* _Dataset entries_
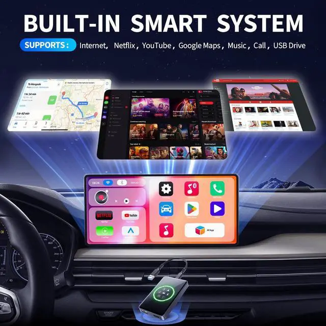 ^^ Built-in Smart System: Equipped with an efficient built-in smart system that supports internet connectivity, offering video playback apps like Netflix, YouTube, TikTok, as well as Google Maps navigation, music streaming, and TF card expansion, enhancing in-car entertainment and convenience. ience.
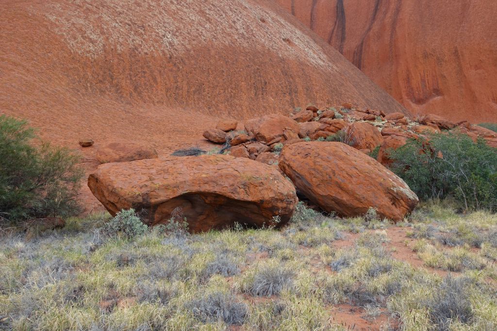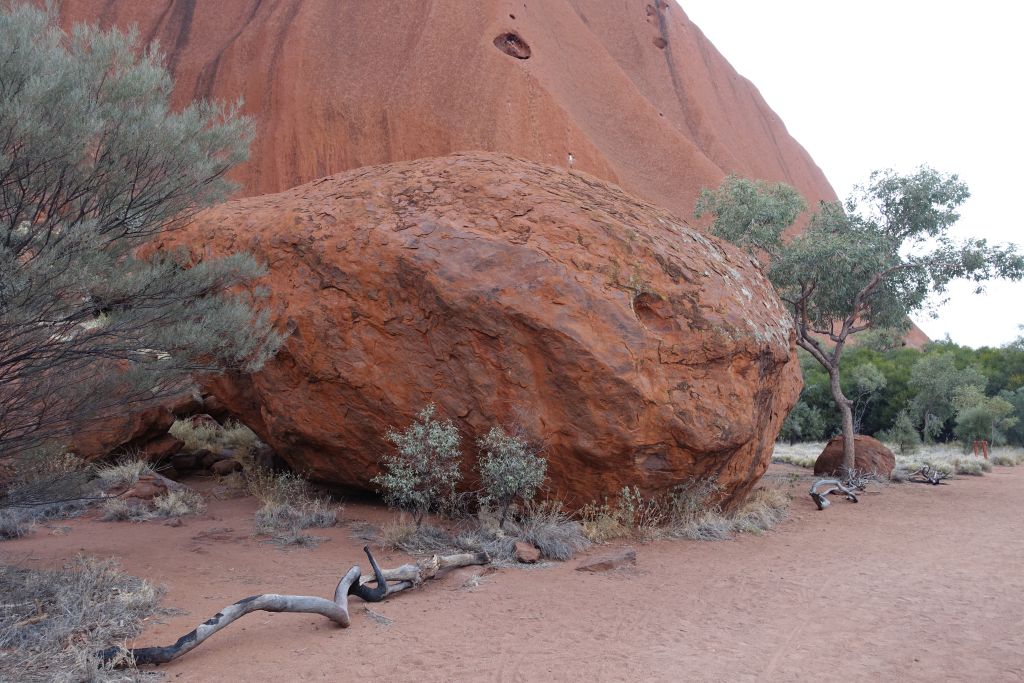 Två timmar har hela varvet runt Uluru tagit oss. Det är också nu vi tittar lite mer noggrant på kartans vandringsinformation. Det visar sig vandringen beräknas ta mellan 3-5 timmar, inte 1 ½ timme som vi båda tycks oss ha läst på kartan. Så att hinna med första bussen tillbaka hade varit en omöjlighet.
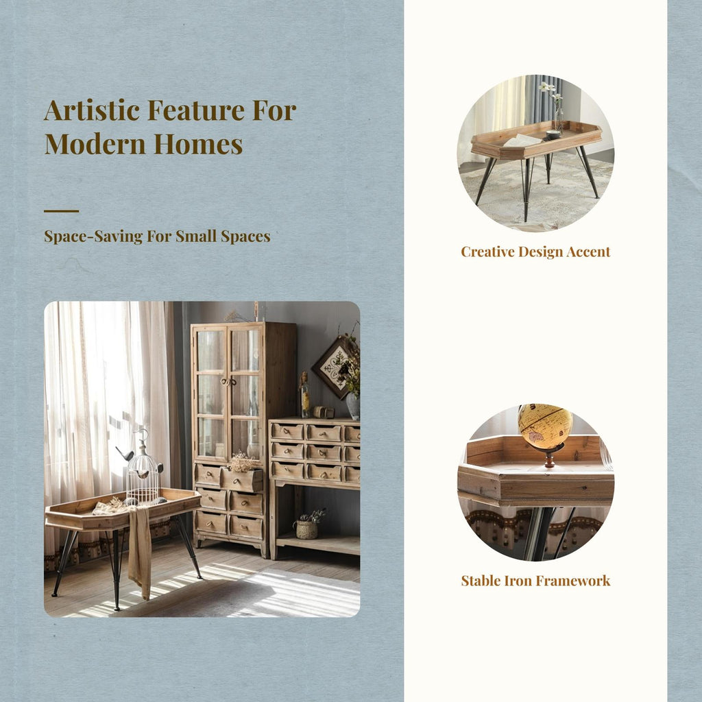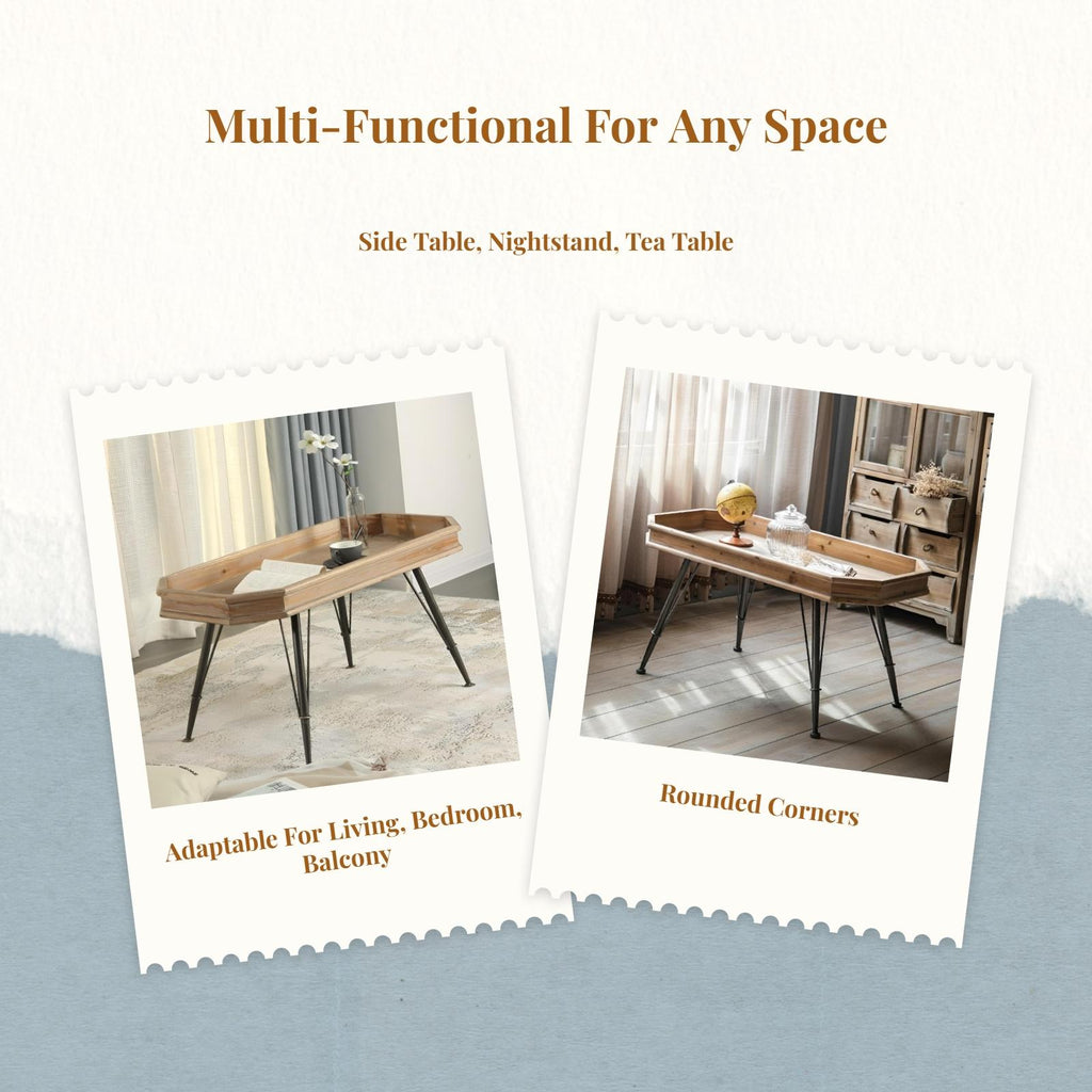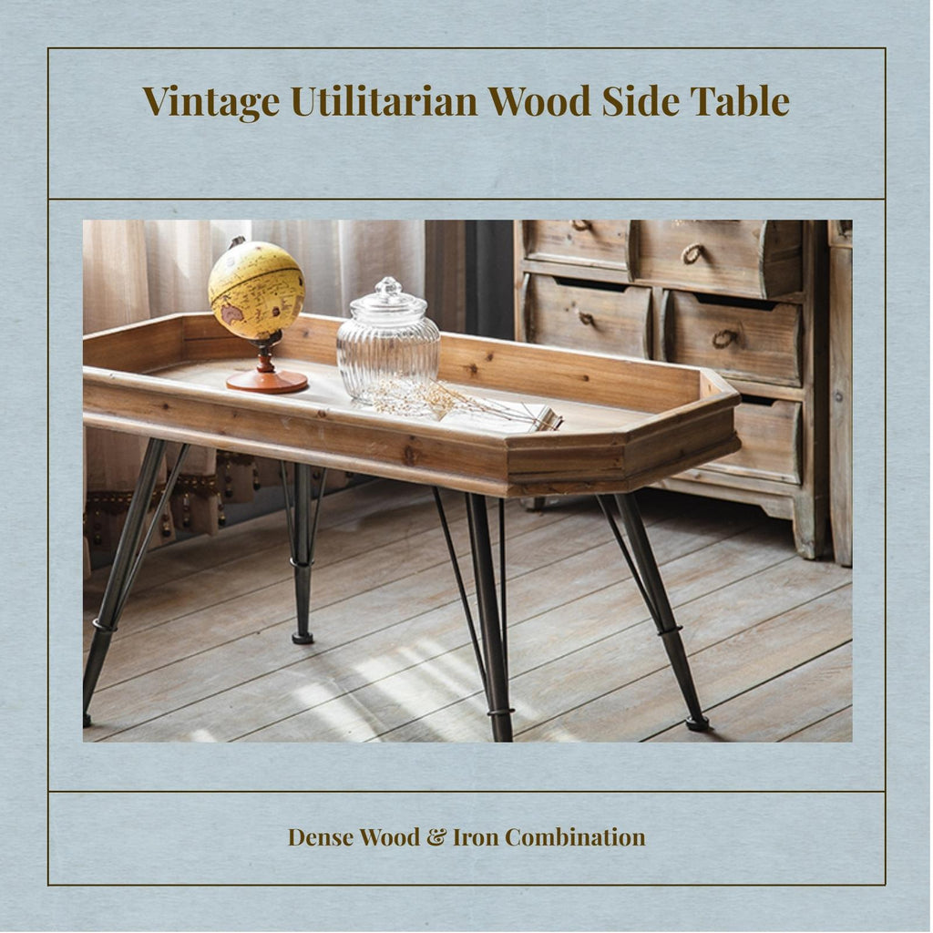 【Adaptable Sofa Side Table for Small Spaces】combineing sturdy wood and wrought iron, this rectangular side table is perfect for living rooms, bedrooms, balconies, and offices, delivering a stylish retro utilitarian appeal.【High-Quality Materials Ensure Durability】Made from hardwood wood and robust iron, this table boasts a strong frame and sturdy texture, ensuring long stability and use.【Space-Saving Design for Modern Homes】Its portable design accommodates perfectly in small spaces, corners, or beside sofas and beds, optimizing organization and storage in your room.【Multipurpose Functionality】Use it as a coffee table, nightstand, accent table, or display stand for beverages, books, or decor, making it a versatile addition to any home setting.【Easy to Integrate with Various Designs】The vintage utilitarian design and geometric metal frame combine effortlessly with modern, retro, or minimalist decor, enhancing the look of your home.Specification:
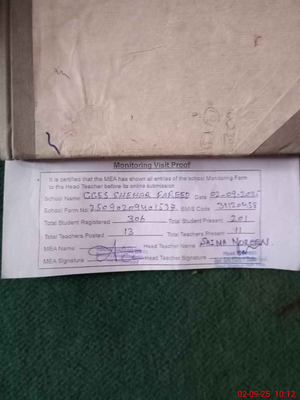 | Attendance Register | Head Teacher | MEA with School | Visit Proof |
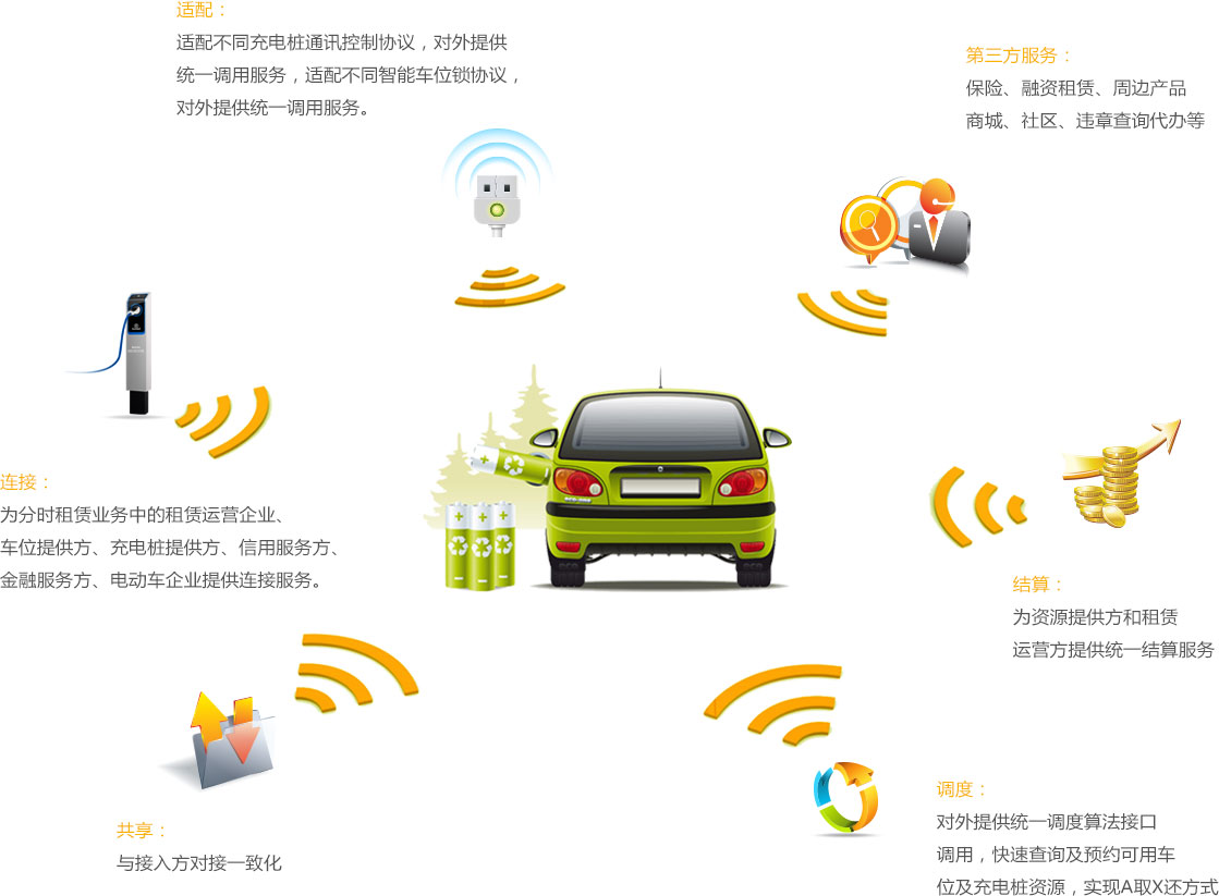 连接、适配、资源共享、节约社会资源,助力分时租赁行业快速发展。
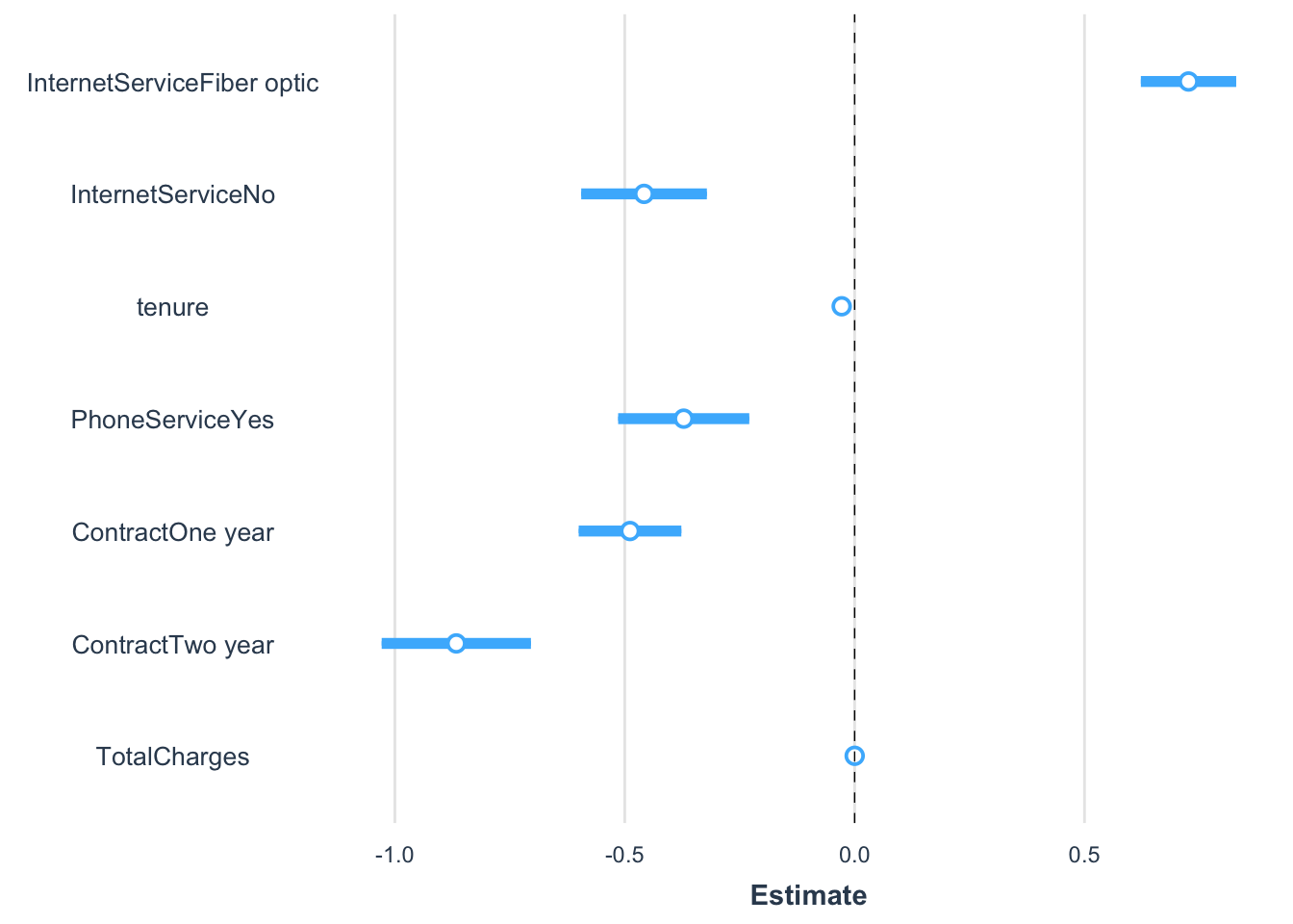 TotalCharges -3.961e-05 5.244e-06 -7.555 4.73e-14 ***

* _TASK BRIEF_
The records above need to be given again exactly. Omit the pictures.

* _EXERCISE OUTPUT_
 ^^ Built-in Smart System: Equipped with an efficient built-in smart system that supports internet connectivity, offering video playback apps like Netflix, YouTube, TikTok, as well as Google Maps navigation, music streaming, and TF card expansion, enhancing in-car entertainment and convenience. ience.
 Två timmar har hela varvet runt Uluru tagit oss. Det är också nu vi tittar lite mer noggrant på kartans vandringsinformation. Det visar sig vandringen beräknas ta mellan 3-5 timmar, inte 1 ½ timme som vi båda tycks oss ha läst på kartan. Så att hinna med första bussen tillbaka hade varit en omöjlighet.
 【Adaptable Sofa Side Table for Small Spaces】combineing sturdy wood and wrought iron, this rectangular side table is perfect for living rooms, bedrooms, balconies, and offices, delivering a stylish retro utilitarian appeal.【High-Quality Materials Ensure Durability】Made from hardwood wood and robust iron, this table boasts a strong frame and sturdy texture, ensuring long stability and use.【Space-Saving Design for Modern Homes】Its portable design accommodates perfectly in small spaces, corners, or beside sofas and beds, optimizing organization and storage in your room.【Multipurpose Functionality】Use it as a coffee table, nightstand, accent table, or display stand for beverages, books, or decor, making it a versatile addition to any home setting.【Easy to Integrate with Various Designs】The vintage utilitarian design and geometric metal frame combine effortlessly with modern, retro, or minimalist decor, enhancing the look of your home.Specification:
 | Attendance Register | Head Teacher | MEA with School | Visit Proof |
 连接、适配、资源共享、节约社会资源,助力分时租赁行业快速发展。
 TotalCharges -3.961e-05 5.244e-06 -7.555 4.73e-14 ***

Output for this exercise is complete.